He can call pay rises 'selfish' all he wants: austerity hasn't worked.
On Monday, teachers became the latest to be offered another insulting 1% pay rise – continuing seven years of real-terms pay cuts amid austerity. Here, Kevin Gulliver takes down David Cameron’s intervention in the pay rise debate.
For a Prime Minister who set the wheels in motion for the UK to pulled out of the biggest trading bloc in the world, David Cameron’s intervention last week in the debate about ‘economic credibility’ raises eyebrows.
But his comments also have pointed out the central economic dilemma for Theresa May’s Government.
It’s this: should the Tories admit that the pain inflicted on the poor, the vulnerable and public sector workers since 2010 has failed, or continue with the austerity which helped deprive them of a majority in June’s General Election?
Cameron accuses the present Government of being “selfish” with the public finances in even considering lifting the public sector pay cap, while from his pulpit at the Evening Standard, former Chancellor George Osborne has said that an end to austerity will lead to a “loss of economic credibility” – even as his former colleagues scrambled to be first in line to call for a public sector pay rise.
The Tories are in such a mess on this issue that some claim that there has been no austerity at all while others parrot the slogan from 2010 that the UK remains close to bankruptcy. Never mind that the bankruptcy claim was always vacuous – how could the UK have been on the brink in 2010 and then be ‘recovering’ seven years later with the national debt having doubled? In any case, a country with its own currency cannot go bankrupt since it can never run out of money.
Then there is the ‘intergenerational’ argument put forward for continuing austerity – “It’s unfair to saddle the next generation with debt” by “living beyond our means” in the present. The chart shows how ludicrous this argument is – the reality is that the UK’s national debt goes back to 1692 and has never been paid back in its entirety.
The intergenerational argument is equivalent to saying that the Victorians had to pay for the Napoleonic wars, or that the Edwardians carried the costs of the Boer war, or that 1960s taxpayers paid down debt built-up in the 1930s Great Depression. Debt is always passed on between generations. For example, a World War I loan was only paid back in 2015.
The national debt today stands at £1.7tr, or about 89 per cent of GDP – although some have argued that around £435bn of this is now owned by the UK government as a result of its quantitative easing programme, so should not be included in the national debt total at all.
A public sector pay rise is predicted to cost £9bn per year, which could be borrowed or raised in taxes on the better-off. Yet what is often left out of such scaremongering is that HM Treasuring gets back at least 40 per cent of any rise through income tax, national insurance and VAT – while the economy receives significantly beneficial effects from public workers spending their extra pay.
Austerity, which has not worked in its intention of returning the UK’s national accounts to surplus, has had disproportionate and damaging effects on the nation’s most disadvantaged communities.

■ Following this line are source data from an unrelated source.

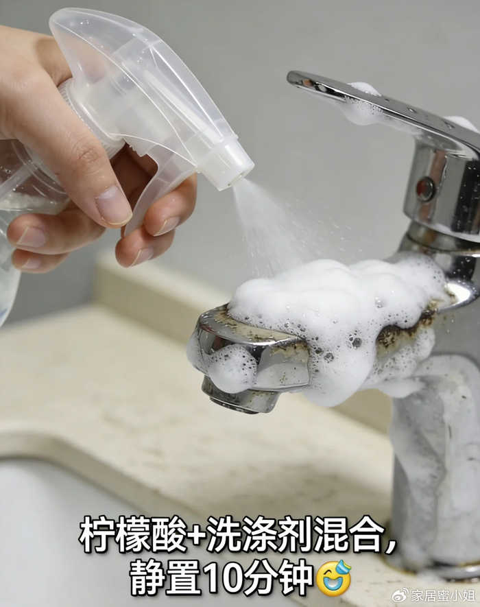我们用柠檬酸+洗洁精,溶解之后放入喷壶里面摇晃均匀,喷洒在花洒上静置半小时。之后只需要轻轻擦拭,然后用清水冲洗就干净了。
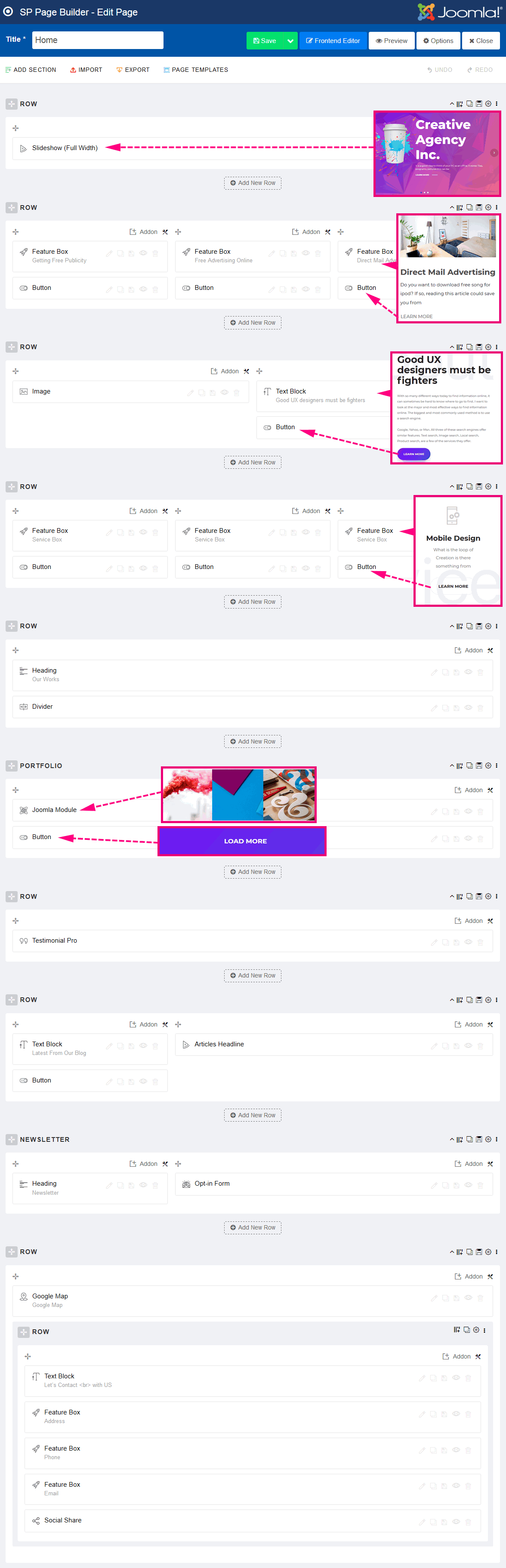The default homepage in the Stellar template demo was created using the SP Page Builder Pro component.
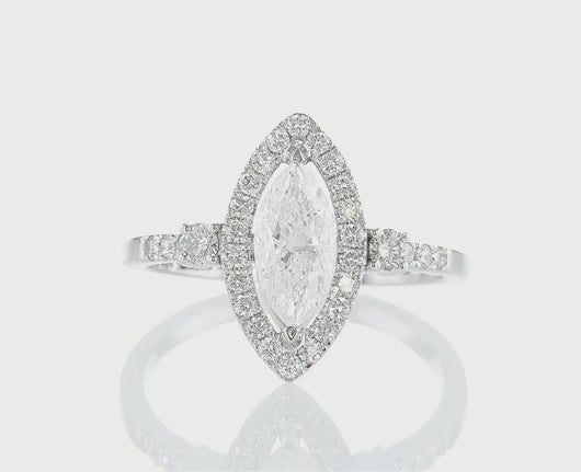 טבעת מדהימה משובצת ביהלום טבעי גדול בליטוש מרקיזה וכתר יהלומים מסביבה

Women, the unemployed, disabled people and low paid workers have borne the brunt of austerity, even as Osborne’s quantitative easing has boosted share value and the wealth of the rich.
Local government, social housing and welfare, upon which those at the bottom of the income spectrum most rely, have experienced the largest percentage cuts in spending. The rise in homelessness and rough sleeping, the steep climb in food bank usage, social cleansing in London, and perhaps even the Grenfell Tower fire, are all indicators of how spending cuts have adversely affected the disadvantaged.

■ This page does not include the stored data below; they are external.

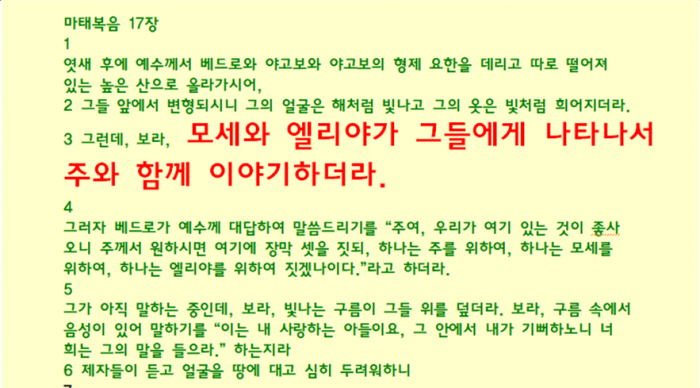 그리고 예수님 십자가 순교 하루 전날 인가요. 그때 엘리야와 모세를 불러 내려서 뭔가 협의를 하셨는지 지시를 두 사람에게 하신 것 기억나십니까?
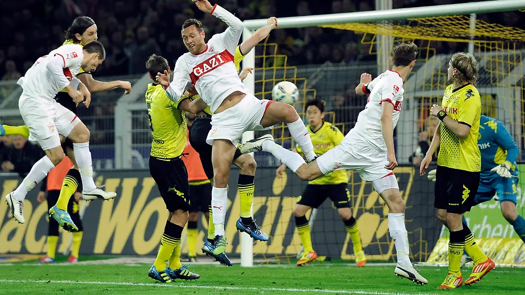 Tabellenführer Borussia Dortmund hat im Titelduell mit dem FC Bayern München zwei Punkte liegen gelassen. In einem völlig verrückten Bundesliga-Spiel mussten sich die Westfalen zum Auftakt des 28. Spieltags mit einem 4:4 (1:0) gegen den VfB Stuttgart zufriedengeben. Christian Gentner entriss dem BVB mit seinem Ausgleichstor in der Nachspielzeit den Sieg. Mats Hummels (81.) und Ivan Perisic (87.) hatten den BVB nach dem 2:3-Rückstand wieder auf Kurs gebracht. Nach Toren von Vedad Ibisevic (71.) und Julian Schieber (77./79.) standen die Schwaben dicht vor einer Sensation. Shinji Kagawa (33.) mit seinem zwölften Saisontor und Jakub Blaszczykowski (49.) hatten die Dortmunder vor 80.720 Zuschauern 2:0 in Führung gebracht.
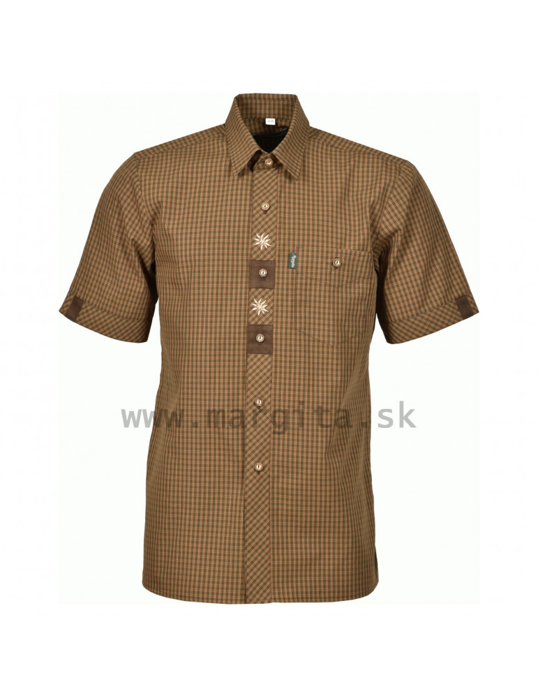 Pánska hnedá károvaná košeľa s krátkym rukávom. Materiál je príjemná 100% bavlna. Košeľa má vpredu jedno vrecko s gombíkom. Gombíky sú vyrobené v imitácii parožia. Na prednej lége je košeľa zdobená výšivkou plesnivca doplnená hnedými kockami, ktoré sa tiež nachádzajú aj na rukávoch. Košeľa je vhodná na slávnostné príležitosti, ale tiež aj na bežné každodenné nosenie.
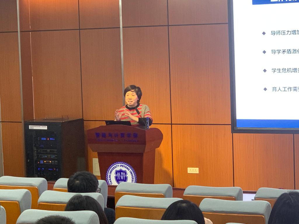 杨丽老师详细解读了学生遇到心理问题的不同状态,从而介绍了应对不同状态的干预策略,她提出导师与学生之间的关系应是“利益共同体”,强调导师在培养学生过程中应引导学生与导师站在利益同侧。同时在调整教师自己的心理状态上,杨丽老师首先提出教师把握好自己的科研、生活节奏,培养自己的兴趣爱好,将自己积极乐观的精神状态熏陶学生,其次要建立更多的连接,了解自己的身体以及心态上的变化,也要更多地建立自己与学生和他人之间的连接,这样才能以更好的状态与学生相处,要将学生的“利益驱动”状态转变为“情感驱动”,提升学生主动参与科研的兴趣。
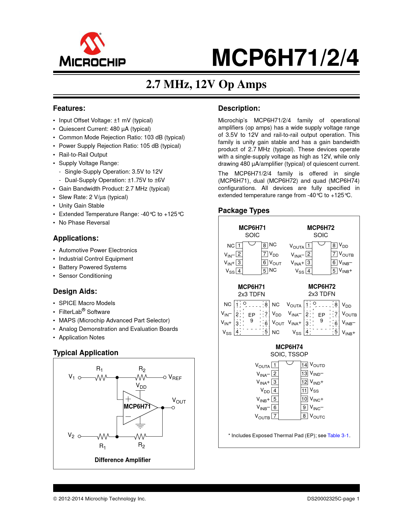 link to page 15 MCP6H71/2/42.7 MHz, 12V Op AmpsFeatures:Description: • Input Offset Voltage: ±1 mV (typical) Microchip’s MCP6H71/2/4 family of operational • Quiescent Current: 480 µA (typical) amplifiers (op amps) has a wide supply voltage range • Common Mode Rejection Ratio: 103 dB (typical) of 3.5V to 12V and rail-to-rail output operation. This family is unity gain stable and has a gain bandwidth • Power Supply Rejection Ratio: 105 dB (typical) product of 2.7 MHz (typical). These devices operate • Rail-to-Rail Output with a single-supply voltage as high as 12V, while only • Supply Voltage Range: drawing 480 µA/amplifier (typical) of quiescent current. - Single-Supply Operation: 3.5V to 12V The MCP6H71/2/4 family is offered in single - Dual-Supply Operation: ±1.75V to ±6V (MCP6H71), dual (MCP6H72) and quad (MCP6H74) • Gain Bandwidth Product: 2.7 MHz (typical) configurations. All devices are fully specified in • Slew Rate: 2 V/µs (typical) extended temperature range from -40°C to +125°C. • Unity Gain Stable Package Types • Extended Temperature Range: -40°C to +125°C • No Phase Reversal MCP6H71MCP6H72Applications: SOIC SOIC NC 1 8 NC V 1 8 V OUTA DD • Automotive Power Electronics V 2 7 VDD V 2 7 VOUTB • Industrial Control Equipment IN– INA– V 3 6 V V IN+ OUT INA+ 3 6 VINB– • Battery Powered Systems V 4 5 NC V V SS SS 4 5 INB+ • Sensor Conditioning MCP6H71MCP6H72Design Aids: 2x3 TDFN 2x3 TDFN • SPICE Macro Models NC 1 8 NC VOUTA 1 8 VDD • FilterLab® Software VIN– 2 EP 7 VDD VINA– 2 EP 7 VOUTB • MAPS (Microchip Advanced Part Selector) 9 V 9 IN+ 3 6 VOUT VINA+ 3 6 VINB– • Analog Demonstration and Evaluation Boards V 4 5 NC SS V 4 5 V SS INB+ • Application Notes MCP6H74Typical Application SOIC, TSSOP V 1 14 VOUTD R OUTA 1 R2 2 13 V V V V INA– IND– 1 REF V 3 12 V V INA+ IND+ DD V V DD 4 11 SS V V OUT INB+ 5 10 VINC+ MCP6H71 VINB– 6 9 VINC– VOUTB 7 8 VOUTC V2 * Includes Exposed Thermal Pad (EP); see Table 3-1. R R 1 2 Difference Amplifier 2012-2014 Microchip Technology Inc. DS20002325C-page 1 Document Outline Features Applications Design Aids Description Package Types 1.0 Electrical Characteristics 1.1 Absolute Maximum Ratings † 1.2 Test Circuits FIGURE 1-1: AC and DC Test Circuit for Most Specifications. 2.0 Typical Performance Curves FIGURE 2-1: Input Offset Voltage. FIGURE 2-2: Input Offset Voltage Drift. FIGURE 2-3: Input Offset Voltage vs. Common Mode Input Voltage. FIGURE 2-4: Input Offset Voltage vs. Common Mode Input Voltage. FIGURE 2-5: Input Offset Voltage vs. Common Mode Input Voltage. FIGURE 2-6: Input Offset Voltage vs. Output Voltage. FIGURE 2-7: Input Offset Voltage vs. Power Supply Voltage. FIGURE 2-8: Input Noise Voltage Density vs. Frequency. FIGURE 2-9: Input Noise Voltage Density vs. Common Mode Input Voltage. FIGURE 2-10: CMRR, PSRR vs. Frequency. FIGURE 2-11: CMRR, PSRR vs. Ambient Temperature. FIGURE 2-12: Input Bias, Offset Currents vs. Ambient Temperature. FIGURE 2-13: Input Bias Current vs. Common Mode Input Voltage. FIGURE 2-14: Quiescent Current vs. Ambient Temperature. FIGURE 2-15: Quiescent Current vs. Power Supply Voltage. FIGURE 2-16: Open-Loop Gain, Phase vs. Frequency. FIGURE 2-17: DC Open-Loop Gain vs. Power Supply Voltage. FIGURE 2-18: DC Open-Loop Gain vs. Output Voltage Headroom. FIGURE 2-19: Channel-to-Channel Separation vs. Frequency (MCP6H72/4 only). FIGURE 2-20: Gain Bandwidth Product, Phase Margin vs. Ambient Temperature. FIGURE 2-21: Gain Bandwidth Product, Phase Margin vs. Ambient Temperature. FIGURE 2-22: Output Short Circuit Current vs. Power Supply Voltage. FIGURE 2-23: Output Voltage Swing vs. Frequency. FIGURE 2-24: Output Voltage Headroom vs. Output Current. FIGURE 2-25: Output Voltage Headroom vs. Output Current. FIGURE 2-26: Output Voltage Headroom vs. Output Current. FIGURE 2-27: Output Voltage Headroom vs. Ambient Temperature. FIGURE 2-28: Output Voltage Headroom vs. Ambient Temperature. FIGURE 2-29: Output Voltage Headroom vs. Ambient Temperature. FIGURE 2-30: Slew Rate vs. Ambient Temperature. FIGURE 2-31: Slew Rate vs. Ambient Temperature. FIGURE 2-32: Small Signal Non-Inverting Pulse Response. FIGURE 2-33: Small Signal Inverting Pulse Response. FIGURE 2-34: Large Signal Non-Inverting Pulse Response. FIGURE 2-35: Large Signal Inverting Pulse Response. FIGURE 2-36: The MCP6H71/2/4 Shows No Phase Reversal. FIGURE 2-37: Closed-Loop Output Impedance vs. Frequency. FIGURE 2-38: Measured Input Current vs. Input Voltage (below VSS). 3.0 Pin Descriptions TABLE 3-1: Pin Function Table 3.1 Analog Outputs 3.2 Analog Inputs 3.3 Power Supply Pins 3.4 Exposed Thermal Pad (EP) 4.0 Application Information 4.1 Inputs FIGURE 4-1: Simplified Analog Input ESD Structures. FIGURE 4-2: Protecting the Analog Inputs. FIGURE 4-3: Protecting the Analog Inputs. 4.2 Rail-to-Rail Output 4.3 Capacitive Loads FIGURE 4-4: Output Resistor, RISO Stabilizes Large Capacitive Loads. FIGURE 4-5: Recommended RISO Values for Capacitive Loads. 4.4 Supply Bypass 4.5 Unused Op Amps FIGURE 4-6: Unused Op Amps. 4.6 PCB Surface Leakage FIGURE 4-7: Example Guard Ring Layout for Inverting Gain. 4.7 Application Circuits FIGURE 4-8: High-Side Current Sensing Using Difference Amplifier. FIGURE 4-9: Active Full-Wave Rectifier. FIGURE 4-10: Triangle Waves Generator. 5.0 Design Aids 5.1 SPICE Macro Model 5.2 FilterLab® Software 5.3 MAPS (Microchip Advanced Part Selector) 5.4 Analog Demonstration and Evaluation Boards 5.5 Application Notes 6.0 Packaging Information 6.1 Package Marking Information Appendix A: Revision History Product Identification System Trademarks Worldwide Sales and Service

What’s clear is that today’s national debt is nothing unusual when looking back at the last three centuries. Equally true is that paying down the public debt to lower levels following a spike usually takes at least a generation and should be achieved through long-term economic growth and improvements in productivity and exports – not by short-term attacks on public services.
Kevin Gulliver is Director of Birmingham-based research charity the Human City Institute, is former Chair of the Centre for Community Research, and part of the SHOUT save social housing campaign, but writes in a personal capacity.